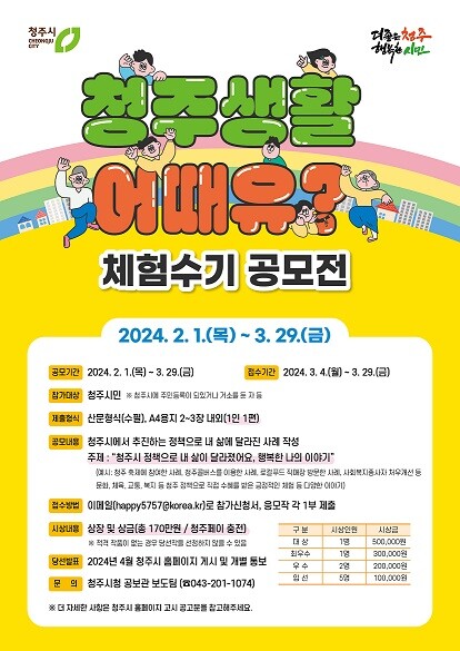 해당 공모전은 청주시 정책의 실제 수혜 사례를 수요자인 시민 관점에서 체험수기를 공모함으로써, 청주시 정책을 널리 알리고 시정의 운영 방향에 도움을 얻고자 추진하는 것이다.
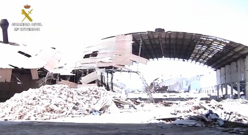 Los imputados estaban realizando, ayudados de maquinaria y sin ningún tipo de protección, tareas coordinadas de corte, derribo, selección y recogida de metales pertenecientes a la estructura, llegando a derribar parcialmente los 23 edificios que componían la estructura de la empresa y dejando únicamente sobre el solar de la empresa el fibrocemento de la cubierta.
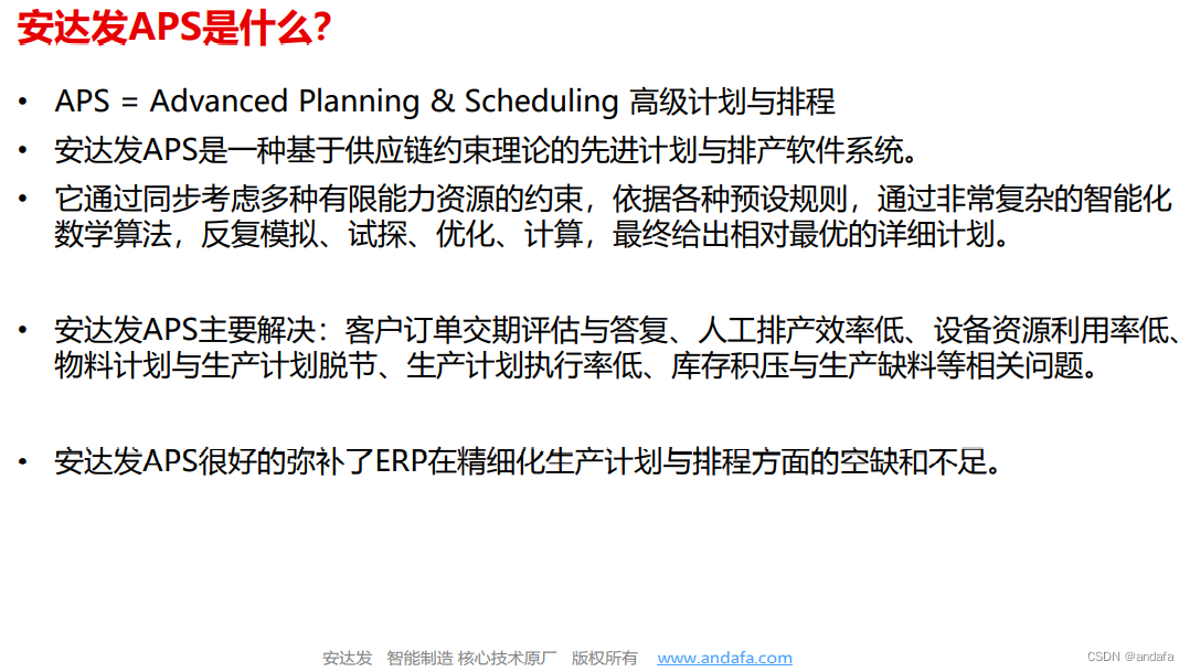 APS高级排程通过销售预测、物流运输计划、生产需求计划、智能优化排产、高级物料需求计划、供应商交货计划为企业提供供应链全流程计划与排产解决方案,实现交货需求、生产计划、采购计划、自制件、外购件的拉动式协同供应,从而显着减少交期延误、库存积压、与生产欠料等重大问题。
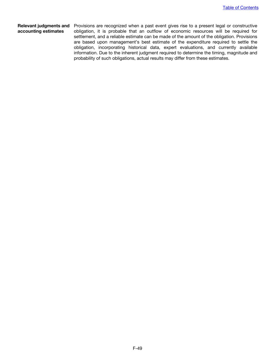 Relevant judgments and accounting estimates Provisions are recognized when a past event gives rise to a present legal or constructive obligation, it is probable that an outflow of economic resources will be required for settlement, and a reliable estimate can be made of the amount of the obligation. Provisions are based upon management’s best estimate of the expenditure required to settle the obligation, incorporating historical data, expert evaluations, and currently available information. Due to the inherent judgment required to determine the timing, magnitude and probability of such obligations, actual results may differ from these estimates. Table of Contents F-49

(Exercise prompt)
Without the pictures, return the whole of the data exactly as given.

(Exercise response)
 해당 공모전은 청주시 정책의 실제 수혜 사례를 수요자인 시민 관점에서 체험수기를 공모함으로써, 청주시 정책을 널리 알리고 시정의 운영 방향에 도움을 얻고자 추진하는 것이다.
 Los imputados estaban realizando, ayudados de maquinaria y sin ningún tipo de protección, tareas coordinadas de corte, derribo, selección y recogida de metales pertenecientes a la estructura, llegando a derribar parcialmente los 23 edificios que componían la estructura de la empresa y dejando únicamente sobre el solar de la empresa el fibrocemento de la cubierta.
 APS高级排程通过销售预测、物流运输计划、生产需求计划、智能优化排产、高级物料需求计划、供应商交货计划为企业提供供应链全流程计划与排产解决方案,实现交货需求、生产计划、采购计划、自制件、外购件的拉动式协同供应,从而显着减少交期延误、库存积压、与生产欠料等重大问题。
 Relevant judgments and accounting estimates Provisions are recognized when a past event gives rise to a present legal or constructive obligation, it is probable that an outflow of economic resources will be required for settlement, and a reliable estimate can be made of the amount of the obligation. Provisions are based upon management’s best estimate of the expenditure required to settle the obligation, incorporating historical data, expert evaluations, and currently available information. Due to the inherent judgment required to determine the timing, magnitude and probability of such obligations, actual results may differ from these estimates. Table of Contents F-49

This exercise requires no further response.